Reach Out Response Network
- Formation: 2020
- Headquarters: Toronto
- Co-founders: Asante Haughton, Rachel Bromberg
- Website: https://reachouttoronto.ca/

= Reach Out Response Network =

Toronto advocacy organization

Reach Out Response Network is a Toronto based organization that advocates for the City of Toronto to increase community-led responses to mental health emergencies.

== Organization ==
Reach Out Response Network is a community-led Toronto-based organization that was founded by Rachel Bromberg and Asante Haughton in 2020. It was based on the Crisis Assistance Helping Out On The Streets program run by the Eugene Police Department with a strong focus on advocacy work.

== Activities ==
In July 2020, co-founders Haughton and Bromberg published an op-ed in the Toronto Star promoting the organization. This created an influx of volunteers and a connection to Mohamed Shuriye, the City of Toronto's new manager of policing reform.

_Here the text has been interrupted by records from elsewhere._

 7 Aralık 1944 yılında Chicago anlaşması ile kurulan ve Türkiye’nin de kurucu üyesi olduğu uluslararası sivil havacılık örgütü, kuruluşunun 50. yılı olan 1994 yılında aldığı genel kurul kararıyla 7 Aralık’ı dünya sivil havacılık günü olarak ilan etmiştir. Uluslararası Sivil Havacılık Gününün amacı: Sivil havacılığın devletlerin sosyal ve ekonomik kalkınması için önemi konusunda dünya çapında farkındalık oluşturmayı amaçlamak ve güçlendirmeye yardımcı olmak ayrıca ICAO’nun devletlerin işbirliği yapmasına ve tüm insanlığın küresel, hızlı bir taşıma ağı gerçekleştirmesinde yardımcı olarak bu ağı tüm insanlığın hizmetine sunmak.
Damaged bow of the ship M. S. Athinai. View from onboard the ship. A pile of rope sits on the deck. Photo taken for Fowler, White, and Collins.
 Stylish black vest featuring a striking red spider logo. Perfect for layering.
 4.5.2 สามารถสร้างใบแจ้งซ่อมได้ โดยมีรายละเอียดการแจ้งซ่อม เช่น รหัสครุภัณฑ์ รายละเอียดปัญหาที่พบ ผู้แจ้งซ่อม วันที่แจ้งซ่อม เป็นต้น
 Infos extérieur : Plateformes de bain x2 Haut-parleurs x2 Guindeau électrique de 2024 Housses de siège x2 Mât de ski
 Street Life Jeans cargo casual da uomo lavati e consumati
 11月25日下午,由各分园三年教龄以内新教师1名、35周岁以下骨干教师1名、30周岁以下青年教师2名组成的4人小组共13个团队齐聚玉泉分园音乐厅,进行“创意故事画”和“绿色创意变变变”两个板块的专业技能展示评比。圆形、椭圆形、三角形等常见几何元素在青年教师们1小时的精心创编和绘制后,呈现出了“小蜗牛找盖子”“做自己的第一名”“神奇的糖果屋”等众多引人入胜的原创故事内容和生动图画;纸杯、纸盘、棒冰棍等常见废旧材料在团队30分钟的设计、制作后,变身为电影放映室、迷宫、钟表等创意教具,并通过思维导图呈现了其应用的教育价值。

In 2020, they submitted a 92-page report of recommendations to the City of Toronto.

Their 2021 publication Report on International Crisis Response Team Training documented alternatives to police response to mental-health-related emergencies. Later in 2021, the group welcomed the City of Toronto's decision to pilot community-led responses to 911 calls about mental health crises.